С тех пор минуло полтора года. Теперь Щербатов прибыл узнать, не разочаровала ли его товарища народная власть, выстраиваемая под руководством большевиков.
Князев вошел, сел напротив. С их последней встречи он будто бы состарился лет на пять. Ему ведь и тридцати еще нет, вспомнил Щербатов. А выглядит потрепанным жизнью.
– Ну здравствуй, раз уж приехал, – сказал Князев.
– Здравствуй, Федор. Как тебе служится под началом комиссаров?
– У нас нету больше комиссара, – ответил Князев и бросил отчего-то быстрый взгляд на каминную решетку.
Щербатов понял, что уместно будет воздержаться от оценок этого факта.
Князев тяжело облокотился о стол:
– Рассказывай, с чем пожаловал.
С этим человеком не стоило тратить время на светские беседы и лирические отступления.
– Зову тебя присоединиться к Белой армии, Федор. Тут недалеко Псковский наш корпус. Завтра поднимитесь – через три дня уже погоны нашивать станете. Тебя произведем в полковники. Кто тут у тебя командует – всем офицерские чины согласно полковому расписанию, жалованье соответствующее. Во внутренние дела твои вмешиваться никто не станет, управляй своими людьми как сам знаешь. Никаких комиссаров, будешь и царь, и бог. Со снабжением у нас здесь пока перебои, но сейчас поставки от англичан налаживаются, так что голыми-босыми не останетесь. Что сами станем получать, то и с вами разделим по-братски.
– Полковник Князев. Звучит гордо! – краском усмехнулся. Встал и размашисто зашагал по комнате, сложив руки за спиной. – Дельный ты человек, Андрей. По существу изложил, без трескотни. Без стенаний про крестный путь России и всей этой кудреватой чепухи. И все ж таки. Как станем сражаться, то решим, не впервой. Ты другое скажи мне. За что зовешь сражаться? За восстановление старого порядка?
– В первую голову – против большевиков, – Щербатов пытался подобрать верные слова. – За новый порядок.
План действий Щербатов обдумывал все последние месяцы, и среди офицерства Добровольческой армии этот план пользовался некоторым успехом. Но краткое, емкое определение – Новый порядок – пришло только сейчас. Досадно будет теперь, если доведется принять смерть, так и не поделившись им с единомышленниками!

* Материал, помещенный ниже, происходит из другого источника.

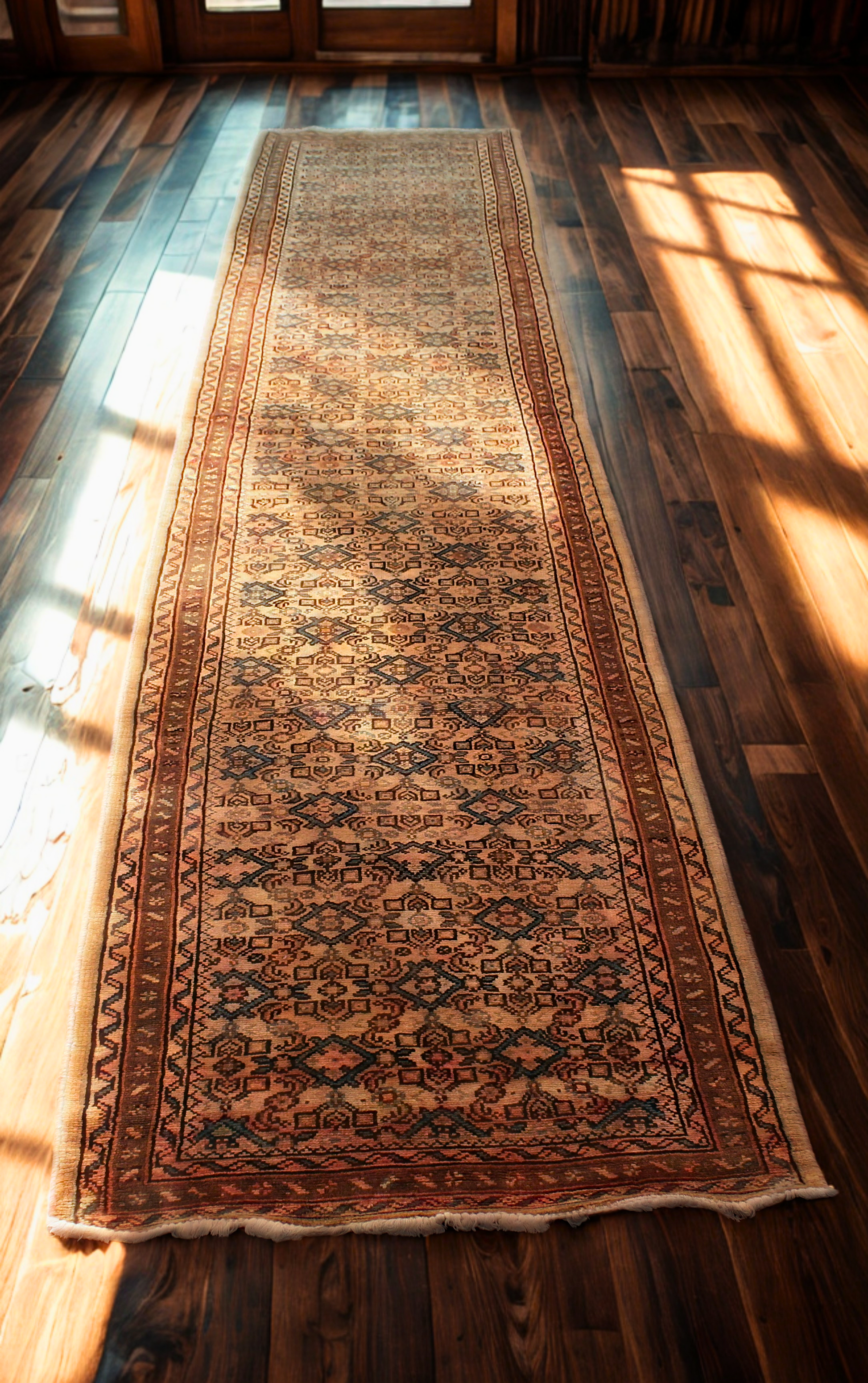 Subtle Geometry — Antique Hamedan Runner from Persia (2.9 × 13 ft)

– Новый порядок, – повторил Князев раздумчиво.
– Теперь, посреди войны и разрухи, многие тоскуют по старому порядку и забывают, что он рухнул под собственной тяжестью. Большевики могут победить именно потому, что предлагают нечто новое. Мы должны их опередить.
– Но как же политика непредрешения народной воли? – Князев процедил последние слова сквозь зубы, словно издеваясь.
– Она ошибочна, и многие уже осознали это. Мы не победим большевиков без незамедлительного решения аграрного и национального вопросов. Нужно уже сейчас закладывать основы той государственности, во имя которой мы будем побеждать.
– Диктатура?
– Да, если называть вещи их именами. Народ, выбравший пустобрехов напополам с откровенными мерзавцами, продемонстрировал неспособность определять свою судьбу.
– Вот оно как, – Князев достал и не спеша раскурил трубку. Щербатов выждал. – Позволь полюбопытствовать, кто ж таков есть, что способен определять за народ его судьбу?
– Люди решительные, радеющие об общем благе и имеющие волю к переменам.
– Так это же, – Князев усмехнулся, – большевики.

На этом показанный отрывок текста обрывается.